What has suffered is the estate's "facilities". Pubs have become residences ...
... shops have been closed and demolished ...
... whilst some have been replaced with alternative facilities. The row of retail on Manor Oaks Road ...
... is replaced by one general store ...
... and the estate's "Children's Centre."
The most significant change observed by an explorer by bus is at the Southend Road Boundary Road bus terminus.
Here was a pub flanked by four shop units, two each side.

The pub, a typically large establishmemt of its age ...
... was closed and boarded up ...
... only to be reborn as posh flats!
The bus stop, which used to be right outside the front door, has been moved back so waiting buses do not overlook the residents.

To the pub's left, the two shops are now closed ...
... and to the ex-pub's right, two shops ...
... have effectively become one.
There is no sign of the "Beef King" still plying its burgers and chips! To be fair, the establishment does have a presence on line ...
... so perhaps ot bursts into beefyness late in the day as the hub of Wybourn's nite life?

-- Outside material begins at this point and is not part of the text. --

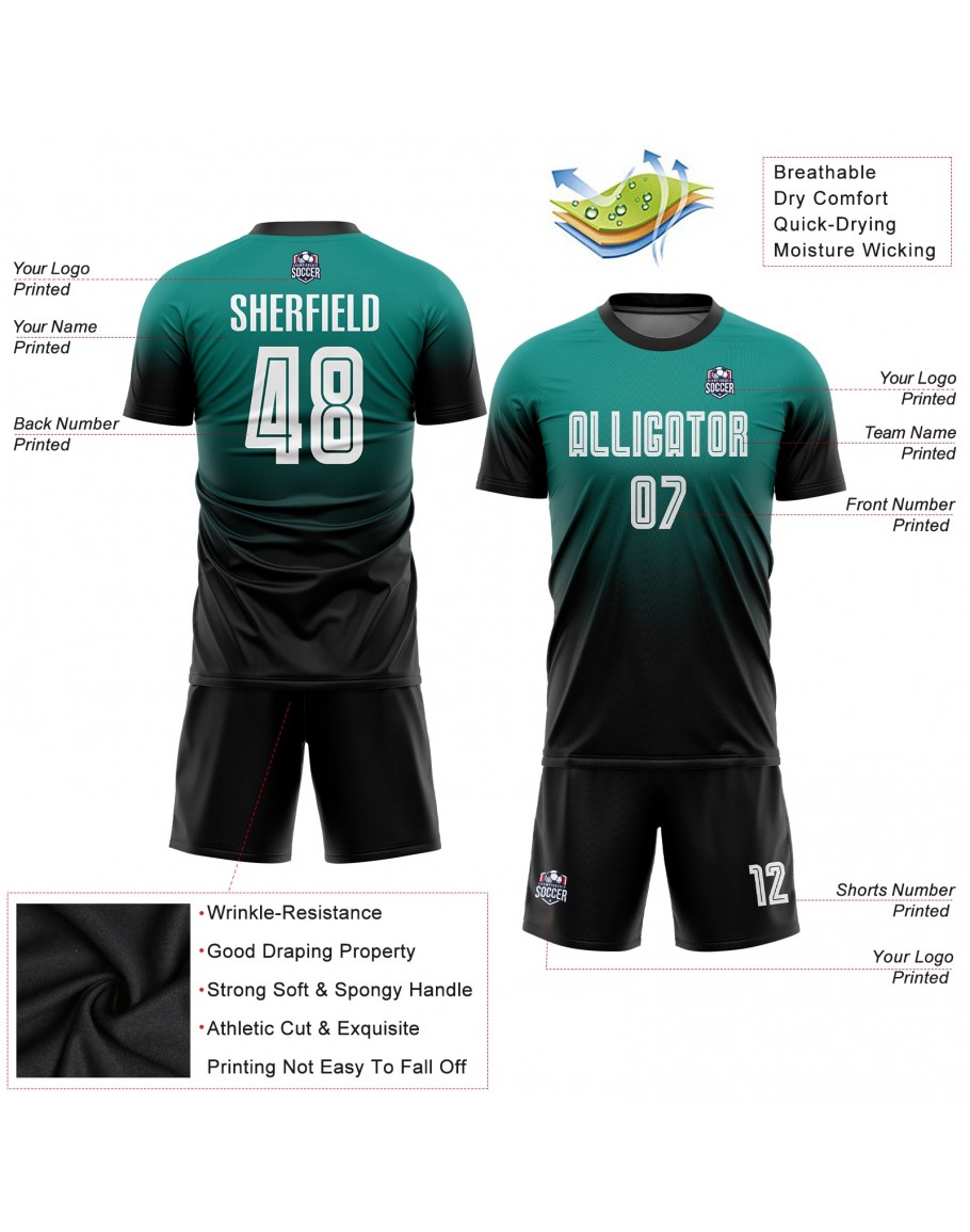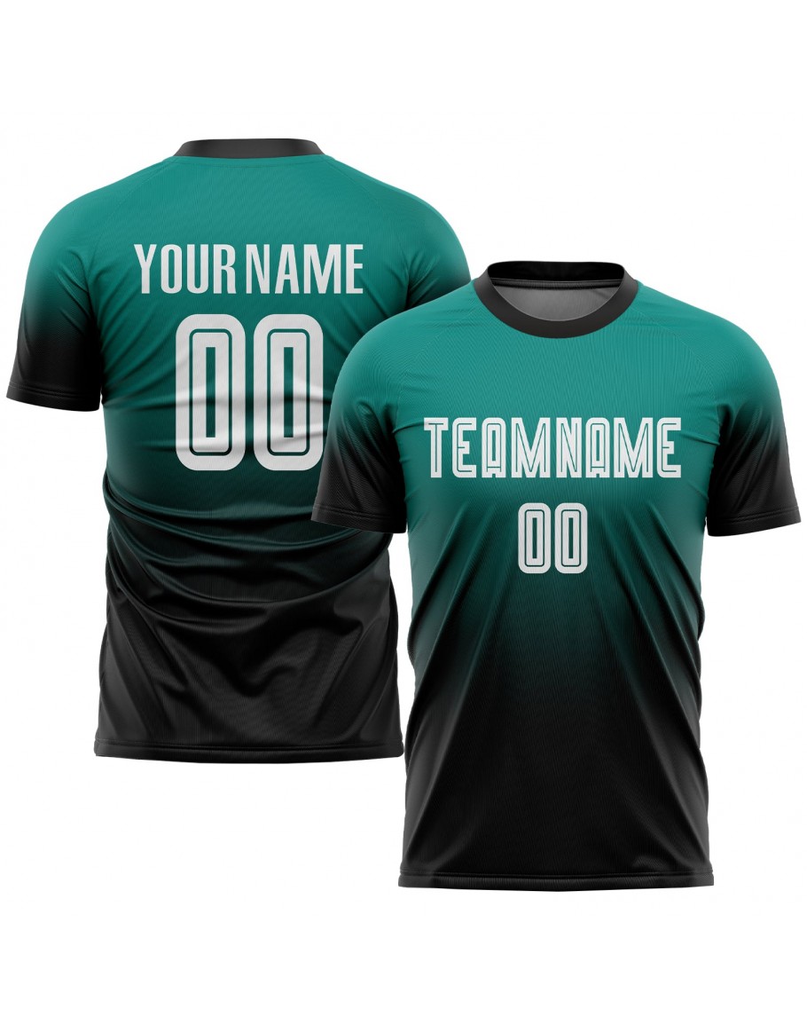 Best Pro Custom Aqua White-Black Sublimation Fade Fashion Soccer Uniform Jersey

But, through all this change, the bus route 56 has remained remarkably constant, but iccasionally dramatic.
Sadly, Wybourn folk never got to ride on a left hand drive right hand loading articulated bus running on trade plates. The strange vehicle is pictured above outside the Windsor Hotel on a test run

More on the buses in tomorrow's blog!

Let There Be Lights
Peterville carriage shed, made of two bits of gash second-hand plywood and five Airfix/Dapol platform canopy kits ...
... which finally fell to bits as the ply disintegrates in the weather!
It was rebuilt with plastic walls but reusing the original roof.
But it neeeded some treatment
 when it was re-installed inside. ...
... notably to the roof!
The work has taken ages, due to fbb's ineffectiveness and a run of other commitments, but, at last, it is almost ready to install properly. Much of the rebuild has featured in this blog, but the final stage was to fit lighting. 

Internal lights were joined by wall lights illuminating a nearby siding. Lights do not photograph well with exposed LEDs taking over the exposure. But this is a view in the dark.
Here is the building in "daylight" ...
...with a sweet little bracket light over the entrance.
Along the wall there are six over-scale bulkhead lights.
They consist of slices of Bic pen with the LEDs poked down the tube. The black "hoods" are a bodger's attempt to (a) reduce the visual impact of the over-scale fittings and (b) to disguise fbb's incompetent sawing of the brittle Bic! Neither bodge is overly successful, but from the normal viewing distance it will do!

For Tomorrow's Blog ...
What links a blue train in the UK ...

... with a pink bus that once ran in Eastleigh ...
... an a dark green train with pale pink bits n France?
All will be revealed tomorrow!

NO Thanks, First, For The View
The great thing about windows is that you can see though them. On a lengthy trip from Doncaster to Rotherham via Edlington and Maltby, fbb's enjoyment of the ride was partially impaired by this mega sticker on the top deck of his First Bus bus.

What was more upsetting to fbb was that it was promotion for "Pride". As a committed and Biblical Christian fbb simply cannot accept the promotion of the "gay" life-style. It is contradictory to 4000 years of Holy Scripture.

Please keep your "Pride" private allowing personal choice to remain personal.

Stop offending those who wish to see a Godly nation with Godly morality upheld in this sadly broken world.

At least let us have a few buses bedecked with helpful and uplifting extracts from Scripture as an alternative.
But don't plaster the Words across a window.